---- Task input

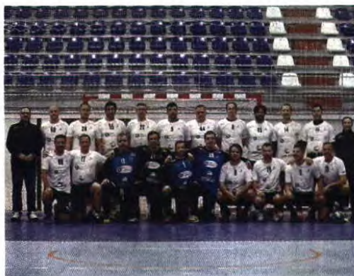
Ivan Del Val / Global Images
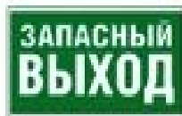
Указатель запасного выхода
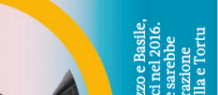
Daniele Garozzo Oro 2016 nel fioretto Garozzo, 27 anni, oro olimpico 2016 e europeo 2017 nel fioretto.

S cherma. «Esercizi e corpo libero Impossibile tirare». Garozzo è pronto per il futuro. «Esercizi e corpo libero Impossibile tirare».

--------
---- Task input

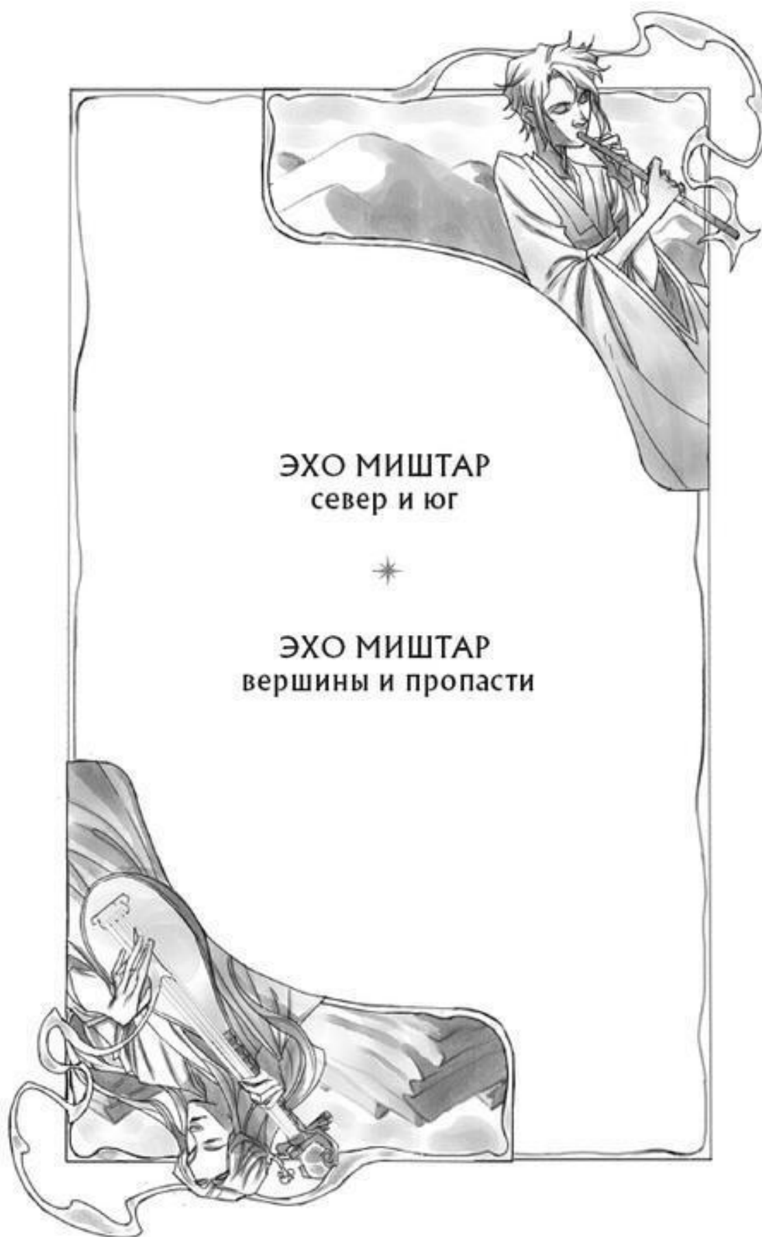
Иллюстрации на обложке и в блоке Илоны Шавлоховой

--------

_About this exercise:_ Starting at the line containing "Ivan Del Val / Global Images" and finishing at the line containing "Garozzo è pronto", return those lines exactly as they appear above, without the pictures.

_Output for this exercise:_
Ivan Del Val / Global Images
Указатель запасного выхода
Daniele Garozzo Oro 2016 nel fioretto Garozzo, 27 anni, oro olimpico 2016 e europeo 2017 nel fioretto.

S cherma. «Esercizi e corpo libero Impossibile tirare». Garozzo è pronto per il futuro. «Esercizi e corpo libero Impossibile tirare».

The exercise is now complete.